Explanation: The slope of the line HJ = \(\frac < 1> < 3>\) = \(\frac < 5> < 2>\) The slope of the perpendicular line = \(\frac < -2> < 5>\) The perpendicular line is (y – 6) = \(\frac < -2> < 5>\)(x – 1) 5(y – 6) = -2(x – 1) 5y – 30 = -2x + 2 2x + 5y – 32 = 0 – (i) The slope of GJ = \(\frac < 1> < 3>\) = \(\frac < -5> < 2>\) The slope of the perpendicular line = \(\frac < 2> < 5>\) The equation of perpendicular line (y – 6) = \(\frac < 2> < 5>\)(x – 5) 5(y – 6) = 2(x – 5) 5y – 30 = 2x – 10 2x – 5y + 20 = 0 – (ii) Equate both equations 2x + 5y – 32 = 2x – 5y + 20 10y = 52 y = 5.2 Substitute y = 5.2 in (i) 2x + 5(5.2) – 32 = 0 2x + 26 – 32 = 0 2x = 6 x = 3 The orthocenter is (3, 5.2) The orthocenter lies inside the triangle.

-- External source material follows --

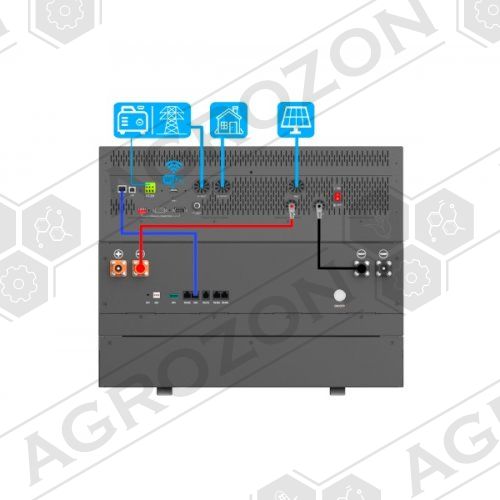 - Зарядка від сонячної батареї і змінного струму: тип підключення до сонячної батареї MPPT, максимальна потужність сонячних панелей 6000 Вт, MPPT діапазон напруги - 150-430 В (постійний струм), максимум при розімкненому ланцюгу - 450 В (постійний струм). Максимальний вхідний змінний струм - 27 А, максимальна сонячна зарядка змінним струмом 100 А, максимальна зарядка змінним струмом - 80 А, максимальний зарядний струм - 100 А.

Explanation: The slope of LM = \(\frac < 5> < 0>\) = \(\frac < 1> < 3>\) The slope of the perpendicular line = -3 The perpendicular line is (y – 5) = -3(x + 8) y – feabie.com nasıl kullanılır 5 = -3x – 24 3x + y + 19 = 0 — (ii) The slope of KL = \(\frac < 3> < -6>\) = -1 The slope of the perpendicular line = \(\frac < 1> < 2>\) The equation of perpendicular line (y – 5) = \(\frac < 1> < 2>\)(x – 0) 2y – 10 = x — (ii) Substitute (ii) in (i) 3(2y – 10) + y + 19 = 0 6y – 30 + y + 19 = 0 7y – 11 = 0 y = \(\frac < 11> < 7>\) x = -6 The othrocenter is (-6, -1) The orthocenter lies outside of the triangle
six.4 The fresh Triangle Midsegment Theorem
Answer: The new midsegment out-of Abdominal = (-six, 6) The fresh midsegment regarding BC = (-step three, 4) The fresh midsegment out-of Air-con = (-step 3, 6)

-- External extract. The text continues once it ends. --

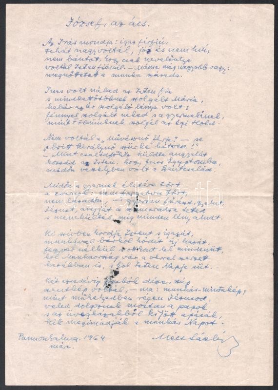 Beschreibung: 1964 Pannonhalma, Mécs László (1895-1978) premontrei szerzetes, költő "József, az ács" c. (kiadatlan) versének autográf kézirata, aláírásával

Explanation: The midsegment of AB = (\(\frac < -6> < 2>\), \(\frac < 8> < 2>\)) = (-6, 6) The midsegment of BC = (\(\frac < -6> < 2>\), \(\frac < 4> < 2>\)) = (-3, 4) The midsegment of AC = (\(\frac < -6> < 2>\), \(\frac < 8> < 2>\)) = (-3, 6)
Answer: New midsegment out-of De = (0, 3) The fresh new midsegment out of EF = (dos, 0) The new midsegment away from DF = (-step one, -2)
Explanation: The midsegment of DE = (\(\frac < -3> < 2>\), \(\frac < 1> < 2>\)) = (0, 3) The midsegment of EF = (\(\frac < 3> < 2>\), \(\frac < 5> < 2>\)) = (2, 0) The midsegment of DF = (\(\frac < -3> < 2>\), \(\frac < 1> < 2>\)) = (-1, -2)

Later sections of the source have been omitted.